Six dimensions of organizational metabolism

Density

How many meaningful decisions the system produces relative to its capacity. High density means the organization generates a steady stream of consequential choices. Low density means decisions are rare, deferred, or delegated away.

Velocity

How long it takes to move from recognition to committed action. Not speed for its own sake — velocity measures whether the organization can match its decision tempo to the environment.

Vitality

How long decisions stick — and whether the system can renew them. High vitality means commitments are durable and get reinforced. Low vitality means decisions decay, get reversed, or are quietly abandoned.

Marginal Decision Cost

The resource cost of producing one additional decision. This is a throughput tax — high MDC means the organization burns disproportionate energy on coordination, alignment, and approval for every incremental decision.

Selection

How accurately the organization chooses the right problems to solve. Selection measures whether the system’s filtering and prioritization mechanisms work — are you betting on the things that matter?

Execution

How well chosen actions are implemented and sustained. Not just “did we do it” but “did we do it well enough to capture the value.”

One equation, two components

Performance = Metabolic Rate × Decision Accuracy2

“MR”

Density

How many meaningful decisions

×

Velocity

How long it takes to decide

×

Vitality

How long the decision sticks

/

Marginal Cost

How much it costs to decide

“DA”

Selection

How right you are

×

Execution

How well you do it

Five patterns emerge from the data

Archetypes are not fixed. Microsoft moved from Constrained Optimizer to Chaotic Churner to Elite Integrator.

Constrained Optimizers Elite Integrators Structured Maintainers Reactive Accumulators Chaotic Churners

How cases are scored

01

Extract

Decision episodes are identified from organizational documents. Each episode captures a discrete decision: context, action, outcome. The 6 decision dimensions are identified using our proprietary identification rubric.

02

Score

Our proprietary engine runs 5 unique scoring models that apply the same scoring rubric. Outliers are dropped, consensus is computed to reach a single rating including confidence intervals.

03

Benchmark

Scores are compared against the repository of 2,200+ cases.

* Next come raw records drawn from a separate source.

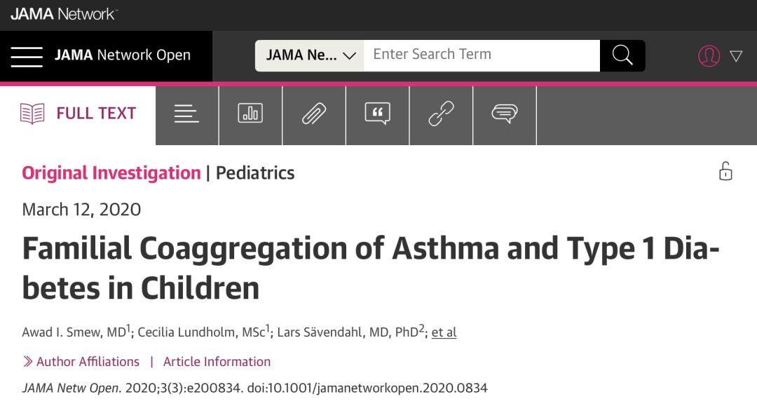 近日,瑞典卡罗林斯卡医学院的Awad I. Smew团队在JAMA Network Open上发表重要结果,依据128万多名儿童的哮喘和1型糖尿病发病情况的大数据统计,证实儿童中两种疾病存在并发、相继发生和家族性聚集现象,对临床实践具有重要的参考价值。
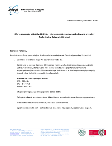 ERG Spółka Akcyjna ROK ZAŁOŻENIA 1896 Dąbrowa Górnicza, dnia 09.01.2015 r. Oferta sprzedaży obiektów ERG S.A. - nieruchomość gruntowa zabudowana przy ulicy Żeglarskiej w Dąbrowie Górniczej Szanowni Państwo, Przedmiotem oferty sprzedaży jest działka położona w Dąbrowie Górniczej przy ulicy Żeglarskiej: 1. Działka nr 6/2 i 9/5 nr mapy 7 o powierzchni 8 707 m2 Działki leżą w obrębie Dąbrowy Górniczej po stronie wschodniej, jednostka ewidencyjna to Dąbrowa Górnicza, stanową one inne tereny zabudowane (Bi) i tereny rekreacyjno – wypoczynkowe (Bz). Działka 6/2 stanowi drogę. Położone są w dzielnicy Gołonóg i przylegają bezpośrednio do linii brzegowej jeziora Pogoria 1. Powierzchni poszczególnych działek: 6/2 – 233 m2. 9/5 – 8 474 m2. Razem: 8 707 m2 Długość przylegającego brzegu jeziora: ponad 100m Odległość od centrum miasta: około 10km. Dojazd bezpośredni utwardzoną drogą gruntową. Infrastruktura techniczna: wod-kan, instalacja oświetleniowa. Ograniczenie działki: płot – siatka stalowa, częściowo na przęsłach, częściowo na słupach. ERG Spółka Akcyjna ul. Chemiczna 6, 42-520 Dąbrowa Górnicza tel: (32) 264 02 81 fax: (32) 262 32 48 www.erg.com.pl e-mail: [email protected] NIP: 629-00-11-681 REGON: 272242844 Kapitał zakładowy: 17 322 000 zł (w całości opłacony) Spółka wpisana do KRS pod numerem 0000085389 w Sądzie Rejonowym w Katowicach ING Bank Śląski w Katowicach O/Dąbrowa Górnicza Nr 80 1050 1142 1000 0008 0033 2769 ERG Spółka Akcyjna ROK ZAŁOŻENIA 1896 2. Budynki letniskowe i elementy wyposażenia: Budynki drewniane, rekreacyjne, na podmurówce typu TURBACZ. Powierzchnia użytkowa 37 m2, konstrukcja dwupoziomowa, z tarasem widokowym 25 m2. Domki całoroczne, ogrzewane kominkiem, ocieplone wełną mineralną o grubości 14cm. Konstrukcja drewniana. Układ pokoi dzieli je na: kuchnie, pokój dzienny, ubikację, oraz poddasze z sypialnią. 6 domków w pełni funkcjonalnych, 3 domki po demontażu nadbudowy drewnianej. Dodatkowo na działce znajdują się 2 podbudówki na domki typu Brda. Lokalizację działki i budynków przedstawia załączona mapka. Załączniki: - Mapka z lokalizacją działki i budynków Dodatkowe informacje i zdjęcia dostępne na życzenie. ERG Spółka Akcyjna ul. Chemiczna 6, 42-520 Dąbrowa Górnicza tel: (32) 264 02 81 fax: (32) 262 32 48 www.erg.com.pl e-mail: [email protected] NIP: 629-00-11-681 REGON: 272242844 Kapitał zakładowy: 17 322 000 zł (w całości opłacony) Spółka wpisana do KRS pod numerem 0000085389 w Sądzie Rejonowym w Katowicach ING Bank Śląski w Katowicach O/Dąbrowa Górnicza Nr 80 1050 1142 1000 0008 0033 2769
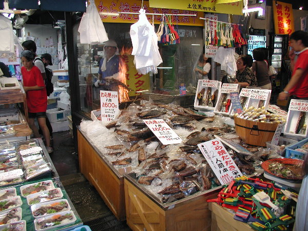 この”ひろめ市場”は、台湾・台北の屋台村のような作りで、色んなものが売っていてとても楽しい空間です。この”ひろめ市場”だけでも高知市へ来た甲斐が充分にあります。
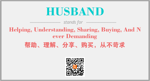 上述内容是“Helping, Understanding, Sharing, Buying, And Never Demanding”作为“HUSBAND”的缩写,解释为“帮助、理解、分享、购买,从不苛求”时的信息,以及英文缩略词HUSBAND所代表的英文单词,其对应的中文拼音、详细解释以及在英文中的流行度和相关分类、应用领域及应用示例等。
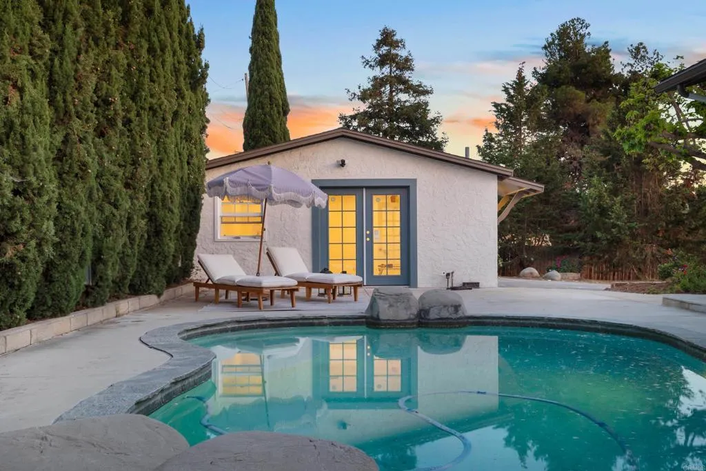 Welcome to 1510 Melrose Way—an extensively renovated Vista home set on a private, over half-acre lot with owned solar and exceptional indoor-outdoor living. Tucked away with a sense of space and seclusion, this property offers a rare combination of modern upgrades and usable land—ideal for buyers seeking both comfort and flexibility. Inside, the home features 3 bedrooms, 2.5 bathrooms, and an optional bonus space, all thoughtfully redesigned with a clean, contemporary aesthetic. The upgraded kitchen serves as the centerpiece of the home, showcasing quartz countertops, a stylish tile backsplash, modern oak shaker cabinetry, and a full appliance package—perfect for everyday living and entertaining alike. Throughout the home, you’ll find luxury vinyl plank flooring, updated lighting, and beautifully refreshed bathrooms with quartz surfaces and designer finishes, creating a cohesive and move-in ready feel. A standout feature of the property is the detached pool house (approximately 200 sq ft), complete with its own mini split system and a mini kitchen with sink and refrigerator. This versatile space is ideal for guests, a home office, gym, or creative studio—adding meaningful flexibility to the property. The home also includes a functional one-car garage, a large storage shed for additional utility or potential use, and generous driveway space. Step outside to your private backyard retreat featuring an existing pool, refreshed landscaping with irrigation, and ample room to expand, garden, or simply enjoy the peaceful surroundings. The size and layout of the lot offer a level of privacy and opportunity that is increasingly hard to find. With owned solar, thoughtful upgrades throughout, and a versatile layout on a spacious lot, 1510 Melrose Way delivers a unique opportunity to enjoy modern living with room to grow.
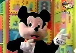 Farfour (Arabic: فرفور; also rendered as Farfur), a Mickey Mouse-like mouse,[13] is a costumed character with a high-pitched voice who co-hosted Tomorrow's Pioneers with Saraa. His name comes from a diminutive of fa'r which means "mouse" in Arabic.[14]
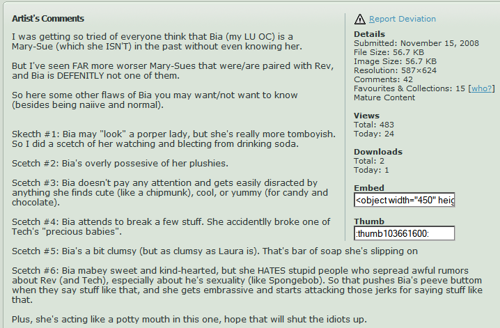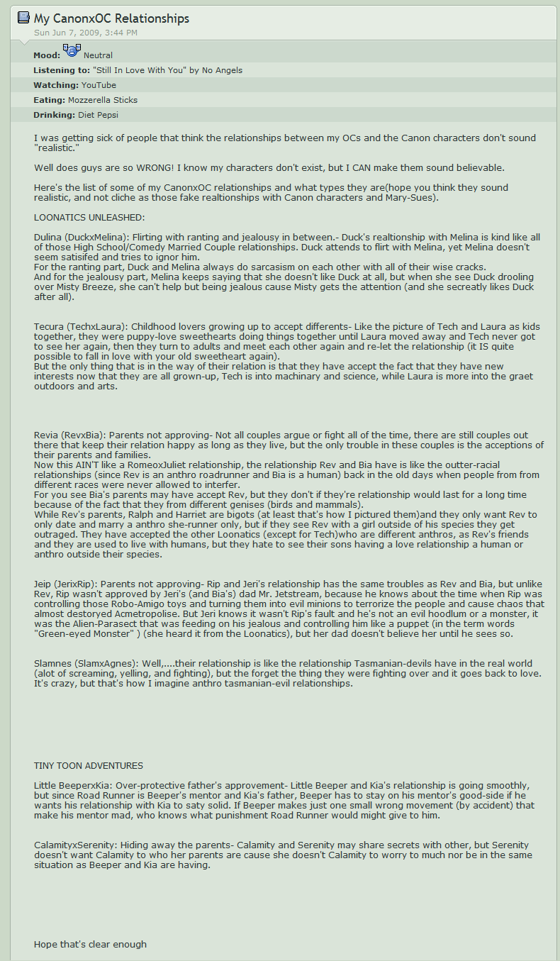 Sony-mae's mary-sues are mainly geared towards the Loonatics Unleashed crowd, which was a gay ass way to appeal to merge Looney Tunes and animu to appeal to the weeaboos, while ripping off X-men all at the same time. This had nothing to do with the original cast, but with their descendants or some crap like that. When original LT fan Spootay made a deviation mentioning, but not even giving a well-deserved bitchslap mention, her slaves and hoardes of fans decide to attack in a way resembling piranhas and Twilight fans.
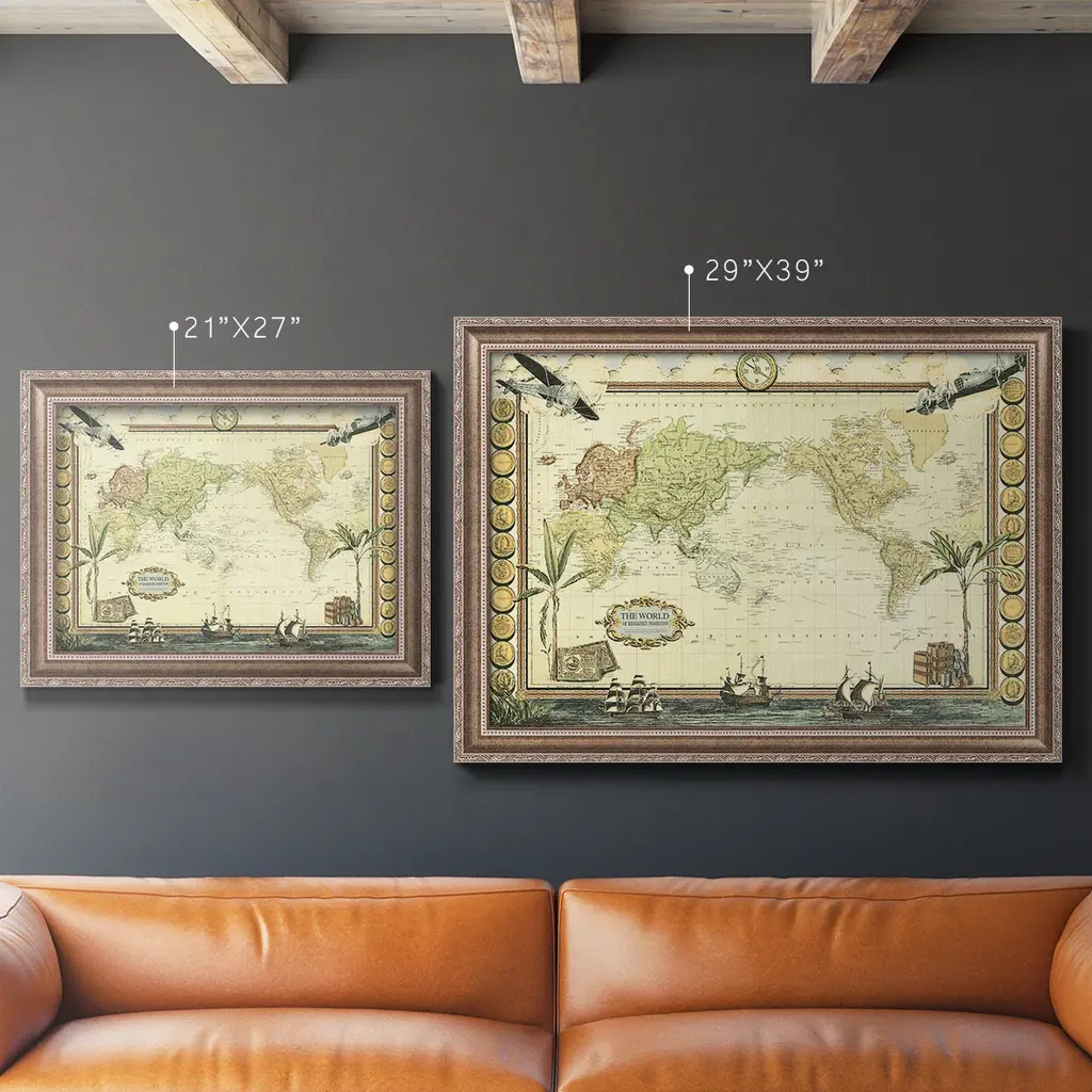 Adventure Map Premium Framed Canvas- Ready to Hang A Premium Framed Canvas created to last. Framed in distressed wood and available in an array of sizes and colors Featuring a beveled a solid wood stretcher bar, each piece comes ready to hand 3 SIZES AVAILABLE 16''X20'' - Overall Size 18'X27'' - Overall Size 24''x36'' - Overall Size Each piece is made to order. Each piece comes with hanging hardware. Made in the USA Ready to Hang Giclee Paper Print Acrylic Glass Beveled Matt Board
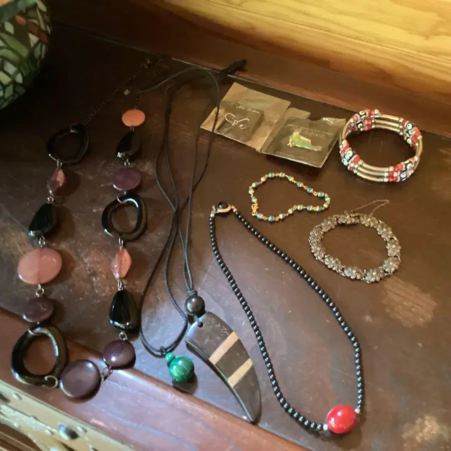 여러 가지 색의 비즈와 에스닉 디자인의 목걸이, 꽃 장식이 특징입니다. 해외 기념품, 부티크에서 판매되는 목걸이 - 목걸이 종류: 비즈 목걸이 - 색상: 여러 가지 색상 (검정, 핑크, 보라, 녹색, 빨강) - 소재: 비즈, 금속, 목재 - 디자인: 에스닉 스타일 - 특징: 꽃 디자인 장식 - 기타 액세서리: 팔찌, 핀 배지 방문해 주셔서 감사합니다.
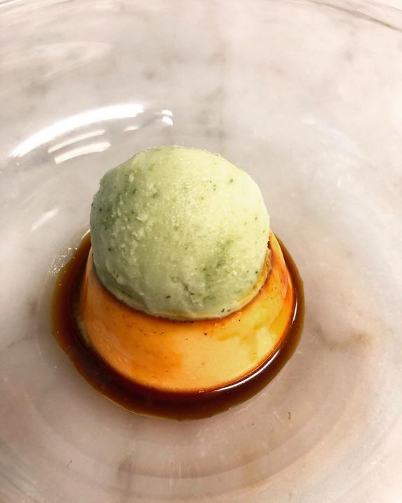 赤ピーマンのプリン バジルのシャーベット乗せ
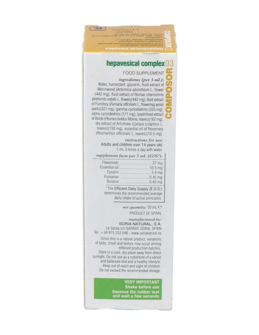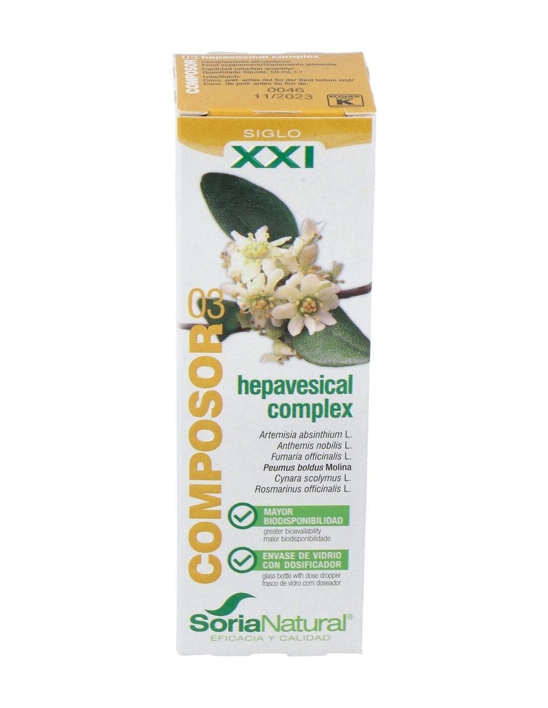 El Composor 03 Hepavesical Complex Xxi 50Ml. de Soria Natural es un complemento natural para personas que buscan apoyar la salud hepática y vesical, formulado con ingredientes que contribuyen al bienestar digestivo y urinario.
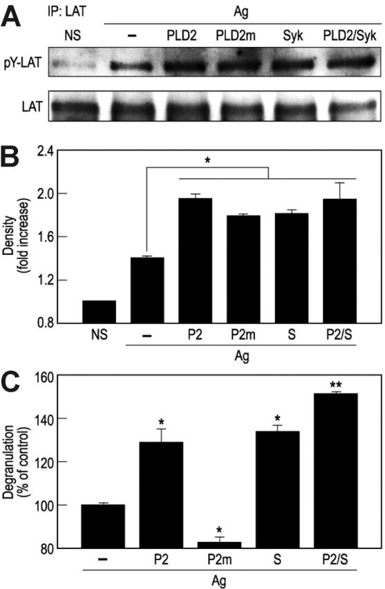 Overexpression of HA-PLD2 or Syk enhances phosphorylation of LAT activation as well as degranulation. (A-B) RBL-2H3 cells were transfected with cDNA constructs for HA-PLD2 (PLD2 or P2), catalytically inactive PLD2K758R (PLD2m or P2m), Syk (S), or vector (–). Cells were stimulated for 7 minutes with antigen (Ag) or not stimulated (NS). LAT was immunoprecipitated from cell lysates with anti-LAT antibody, and precipitated proteins were subjected to immunoblot analysis for detection of LAT and phosphorylated LAT (pY-LAT) with anti-LAT and antiphosphotyrosine antibodies. Representative blots (A) and densitometric data (B) from 3 experiments are shown. (C) Cells were also stimulated with antigen for 7 minutes for measurement of release of the granule marker, β-hexosaminidase. Values are expressed as percent of release of β-hexosaminidase in vector-transfected cells (about 31% release) and are the mean ± SEM of values from 3 experiments. Significant increase or decrease in release: *P < .05; **P < .01.
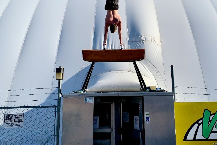 Former Canadian National Team Head Coach Tony Smith was installing an ancient Pommel Horse above the entrance. Mason climbed up for some photos.
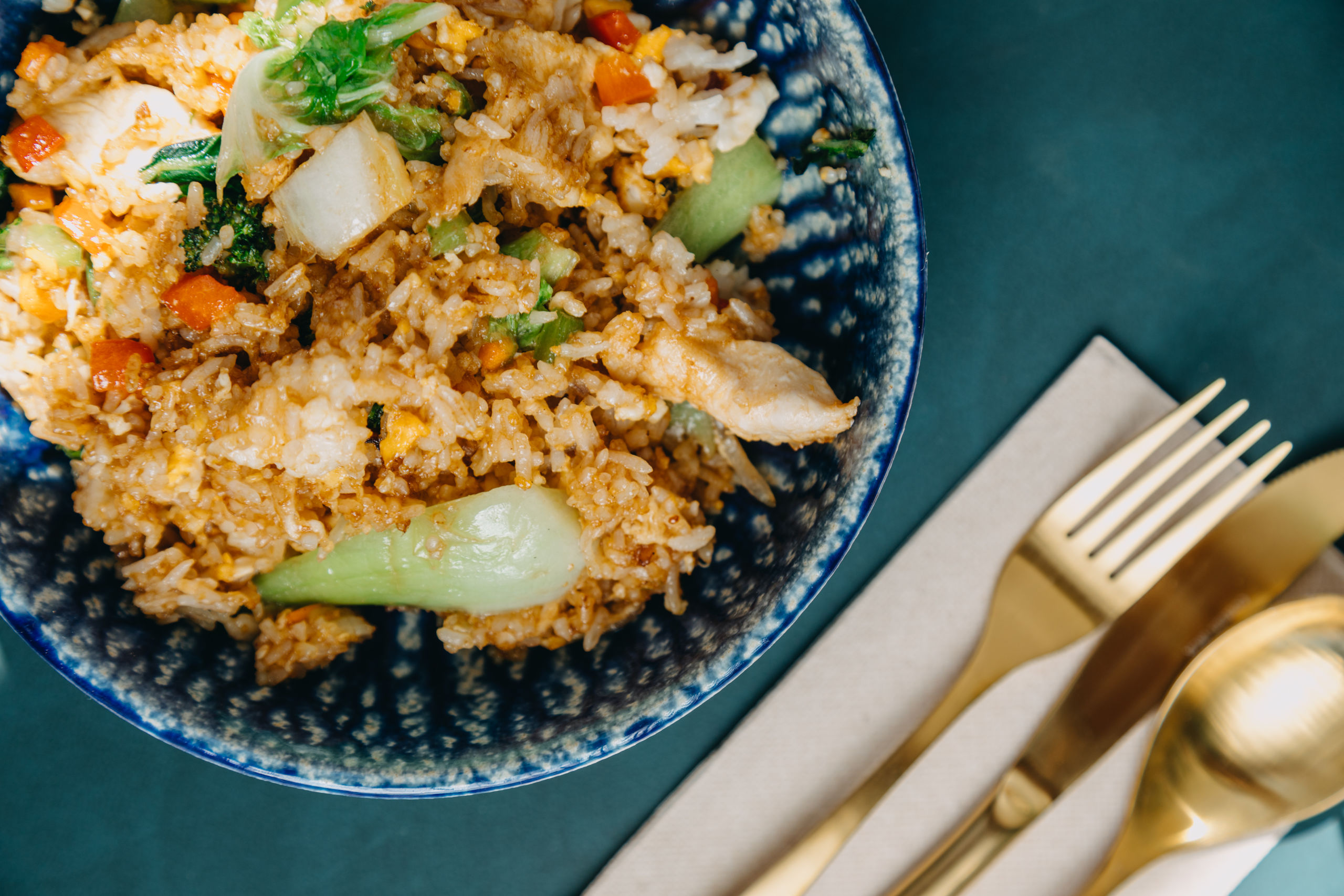 Khao Pad Khai, arroz salteado al wok con pollo, huevo y verduras al estilo tailandés.

Archetype classification, failure mode detection, and intervention sequencing are computed.

The Microsoft trajectory

Constrained Optimizer (pre-2010) — Under Gates and early Ballmer, Microsoft exhibited high decision accuracy but low metabolic rate. The Windows/Office franchise generated enormous value from a narrow set of bets. Selection was excellent within the core, but the system couldn’t generate enough decision volume to compete in adjacent markets.

Chaotic Churner (2010–2014) — The Ballmer era saw metabolic rate surge without accuracy keeping pace. Windows Phone, Bing, Surface RT, the Nokia acquisition, the aQuantive writedown — high energy, terrible selection. The organization was churning through initiatives without the filtering discipline to pick winners.

Elite Integrator (2015+) — Nadella rebuilt selection around a cloud-first thesis, increased velocity by flattening decision layers, and maintained accuracy by concentrating bets where Microsoft had structural advantage. Azure, Teams, and the GitHub/LinkedIn integrations all show high metabolic rate with high accuracy.

This demonstrates that archetypes describe a state, not a destiny. The trajectory is a function of leadership choices, organizational design, and environmental pressure.